Using numbers to make a point could possibly help because:
- It allows people to use their fingers to demonstrate their counting skills, usually beginning with their thumb
- It helps set them up to slip in a third point even when it’s not required because if it were to end on 2. it would be an anti-climax, and 3 is the accepted norm. And
- (generally the middle finger, coincidentally) It gives a person three opportunities to reinforce how annoying they are (trails off in self-satisfied tone)
Bullet points are for
- shopping lists
- work tasks
- packing inventories
- Christmas present lists
- fantasy luxury items
- the pros and cons of everything
- use alongside asterisks to denote special priority status on any item from the aforementioned lists
An asterisk AND a bullet point means it’s fairly urgent.
A little Δ next to a • next to a * indicates serious procrastination. If it reaches the inclusion of a #, then a financial penalty is inevitable.

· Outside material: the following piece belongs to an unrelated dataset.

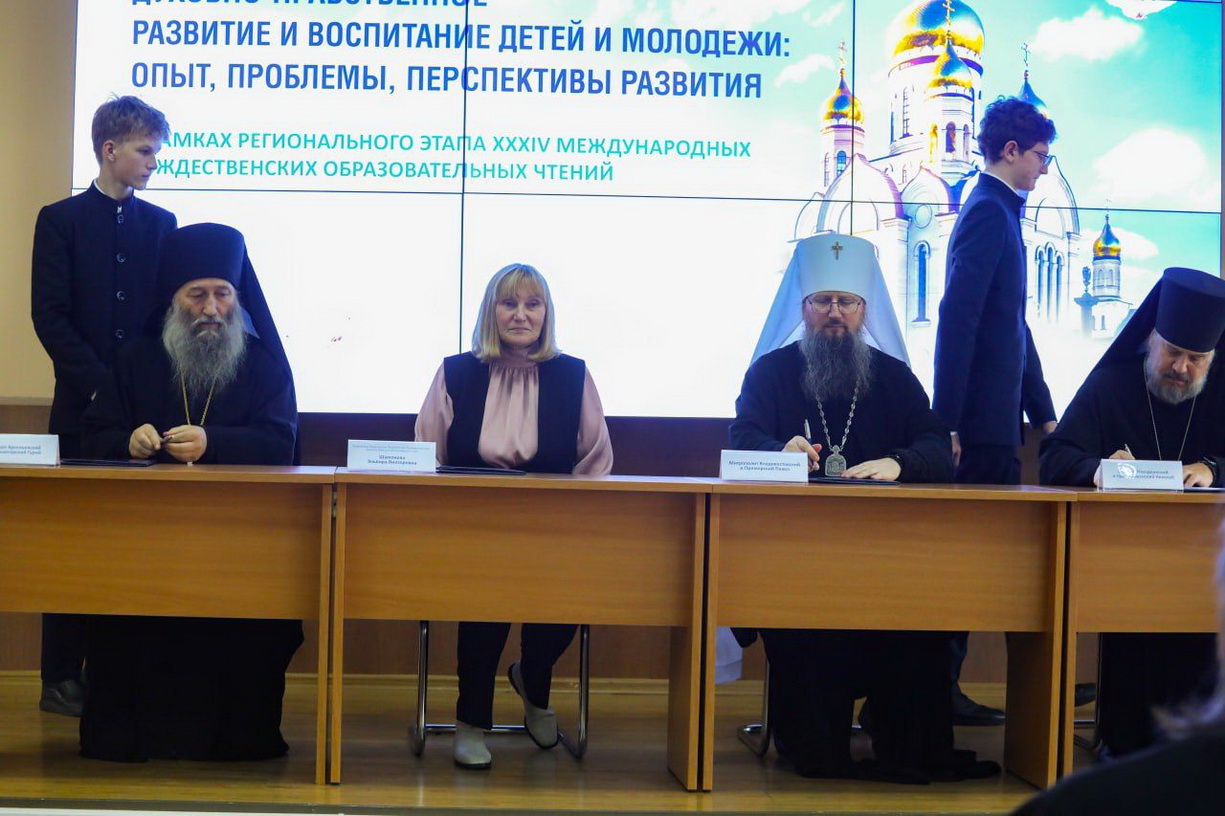 Особым моментом конференции стало подписание четырехстороннего соглашения о сотрудничестве между министерством образования Приморского края и Владивостокской, Арсеньевской, Находкинской епархиями. Свои подписи на договоре поставили владыка Павел, владыка Николай, владыка Гурий и Эльвира Шамонова. Это соглашение знаменует новый этап взаимодействия государства и Церкви в области воспитания подрастающего поколения.

The compulsion to admit any of this and other random thoughts publicly cannot be filed away under lifestyle. A pathology, maybe. Or a mild form of psychosis, if combined with the urge to take a home-cooked marshmallow encrusted kipper to the term ‘lifestyle’ and beat it to a pulp before reversing over it in a specially imported Trabant.
The reasons are simple.
- *sticks out thumb* It’s one of those bland terms that smears beige all over the world
- It’s the first cousin of work-life balance, working mother guilt, and other dumbed down aspects of life that are sanitised and saddled on us by well-dressed media types who confuse glossy publishing for a public service
- It’s a compound word and they’re dangerous. Like pro-life, anti-austerity, and Stephen-fry.